A bad copy of Mr. Einstein.

Space doesn't exsist

Pizza is just bread with toppings

Chocolate isn't brown

Dr. Einstein "If this was named after me, just because my last name is einstein.. I am gonna kill the person who made this!"

Note: Dr. Einstein was the one who made this

Space Is white, not black

Space still doesn't exsist

Mindblown is just a quote, if you really were mindblown you would't have a head.

Dr. Dan "Who the fuck made this?!"

Mr. Einstein "Mr. Einstein."

Dr. Dan "Now who the fuck is that? some kind of?.. uh… insect?"

Note: Dr. Dan have been affected by stupidity.

Stupid is just a word, doesn't mean you're stupid.

Interesting fact: You are stupid

Doors are just planks of wood with a handle.

Pink is just a color, not something to use to judge others.

If you like pink, you're dead to me and you probably stink like shit.

Schools are stupid

Stay in school kids

LEARN STUFF

If you remove the "L" from the previous line, you get: "EARN STUFF!"

If you are reading this, you are…

You choose yourself what the previous line should say.

Just not pink

You are pink

Dr. Work "What the fuck?"

DR. WORK WORKS TO MUCH

AHAHAHAHAHAHAHHA

Reindeers like to eat bananas.

Nearly 880% of all animals on earth have six legs.

You don't exsist.

Einstein is clever and invented the chopper

It's called a helicopter, not a chopper

Two plus two is four, minus one that's three, quick maths!

Shut up you dumb cunt.

Dr. May "I request this gets deleted."

Dr. May was born in May

Dr. May "No I wasn't! It's just short for my last name Maynard!"

Dr. May secretly sucks d-

Dr. May "OKAY! Let's stop it right there, I will use my termination thingy I got!"

Mumbling in background

Dr. May "Why the fuck can't am I not allowed?!"

More Mumbling

Dr. May "THAT DOESN'T EVEN MAKE SENSE!"

Dr. May "I hate my job."

Dr. May is gay.

Albert Einstein was an avid bodybuilder.

Yeh boi, I was rigged

Every 48 seconds a UK citizen disappears in IKEA and is never seen again.

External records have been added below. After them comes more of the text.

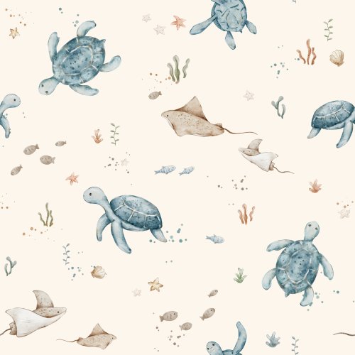 Turtle Land Blue in White on Custom Fabric
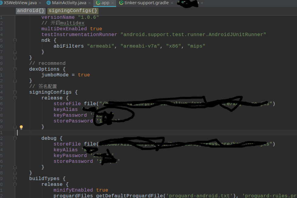 android { defaultConfig { ndk { //设置支持的SO库架构 abiFilters 'armeabi' //, 'x86', 'armeabi-v7a', 'x86_64', 'arm64-v8a' } } } dependencies { compile "com.android.support:multidex:1.0.1" // 多dex配置 //注释掉原有bugly的仓库 //compile 'com.tencent.bugly:crashreport:latest.release'//其中latest.release指代最新版本号,也可以指定明确的版本号,例如1.3.4 compile 'com.tencent.bugly:crashreport_upgrade:1.3.5' // 指定tinker依赖版本(注:应用升级1.3.5版本起,不再内置tinker) compile 'com.tencent.tinker:tinker-android-lib:1.9.6' compile 'com.tencent.bugly:nativecrashreport:latest.release' //其中latest.release指代最新版本号,也可以指定明确的版本号,例如2.2.0 }
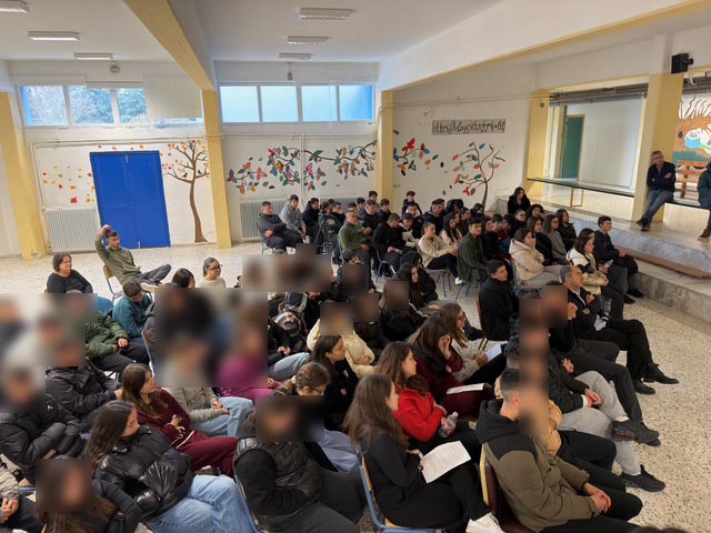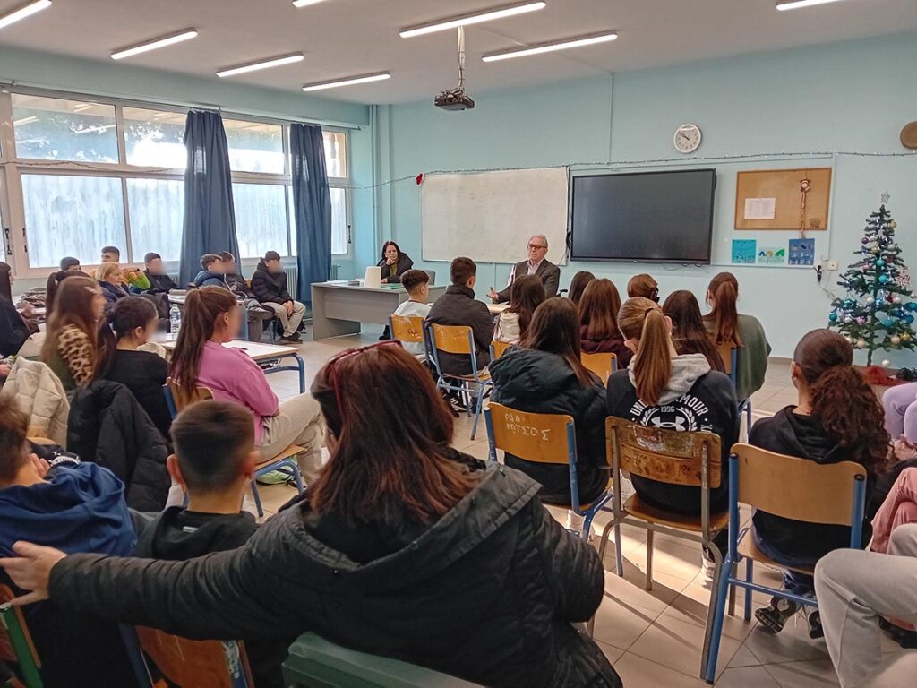- Στις 17 και 18 Δεκεμβρίου 2025, τους μαθητές των Γυμνασίων Γόννων και Αργυροπουλίου Ν. Λάρισας, ύστερα από προσκλήσεις των Διευθυντών κ. Δημ. Φιλιππόπουλου και Ντίνας Τσιμπόλη Βασιλικής, αντίστοιχα και της Ψυχολόγου κας Μαρίας Βαρσάλου.

BOIIIIIIIIIIIIIIIIIIIIIIIIIIIIIIIIIIIIIIIIIIIIIIIIIIIIIIIIIIIII

don't sweat it. 68% of people have trouble with homophones.

Wrong. 68% of people have trouble with homos.

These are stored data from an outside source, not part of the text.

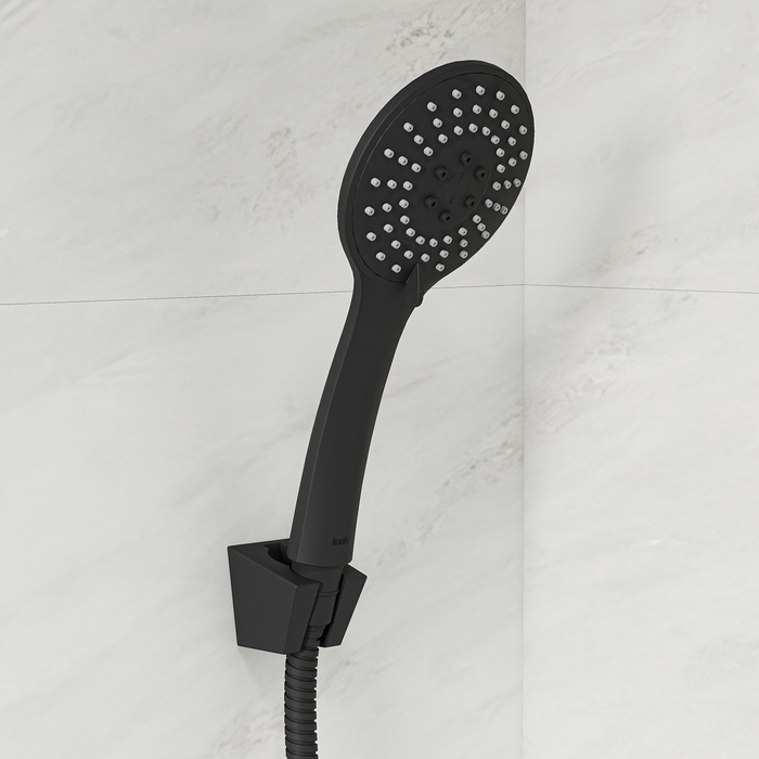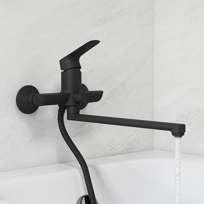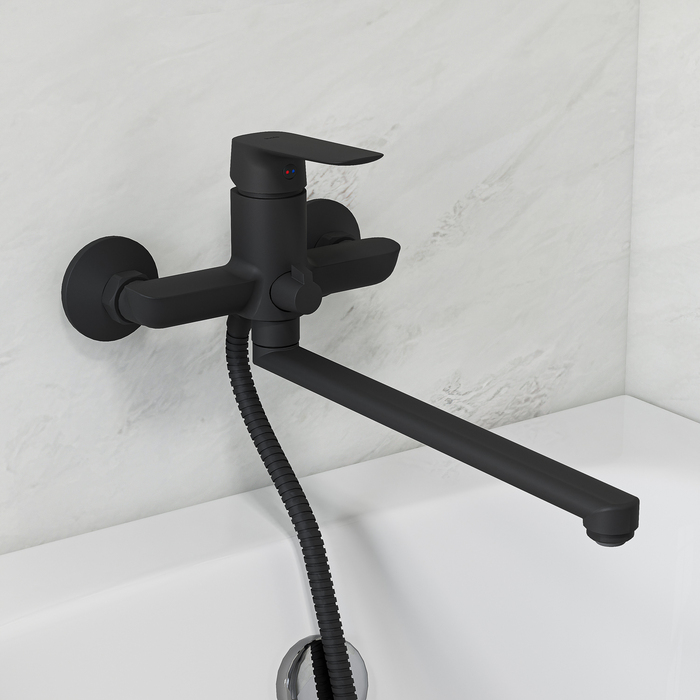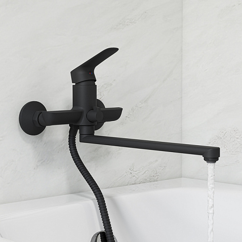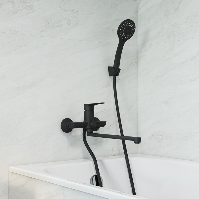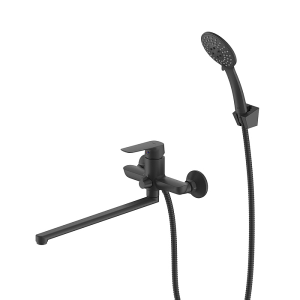 Смеситель для ванны с длинным изливом Token универсального дизайна в стильном матовом черном цвете с плавной геометрией линий подойдет к интерьеру и в классическом, и в современном стиле. Душевые аксессуары (ручная лейка для душа с 3 режимами, шланг длиной 1,5 м и держатель) в комплекте.
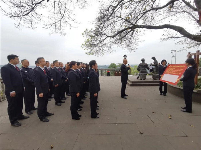 四川新闻网消息(刘渲 文/图)3月17日下午,在建党百年之际,南充市蓬安县人民检察院把党史学习教育和检察队伍教育整顿结合起来,组织全院党员干警来到蓬安县龙角山红军树前举行重温入党誓词仪式,以缅怀革命先烈,继承革命传统,不忘初心、牢记使命。
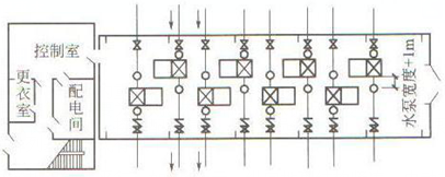(6)为了减小泵房的跨度,也可考虑将吸水阀门设置在泵房外面。
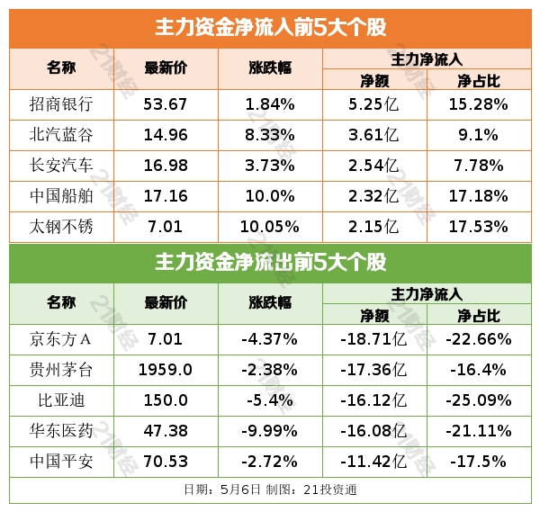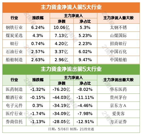 5月6日,北向资金净买入1.84亿元,其中沪股通净买入5.83亿元,深股通净卖出3.99亿元。增持银行,减持医药制造。

Wrong. 69% of people have trouble with homos.

75% of Canadians will arm wrestle a bear at some point in their life. Only 21% will win.

46% of all statistics are made up.

Dr. Work "STOP WITH THESE FAKE FACTS!"

Dr. Dan "DUUuuuu- Duuuuude let it be"

*Dr. Work is seen slapping Dr. Dan*

Dr. Work "WAKE UP MOTHERFU-"

APRIL FOOLS

It's not april.

2. Nutella was invented during WWII, when an Italian pastry maker mixed hazelnuts into chocolate to extend his chocolate ration.

1. I will switch 2 and 1

The title should be "A genius copy of mr nietsnie."

If you spell "Nietsnie" backwards you get "Einstein"

That proves how clever I am! Because you didn't know that!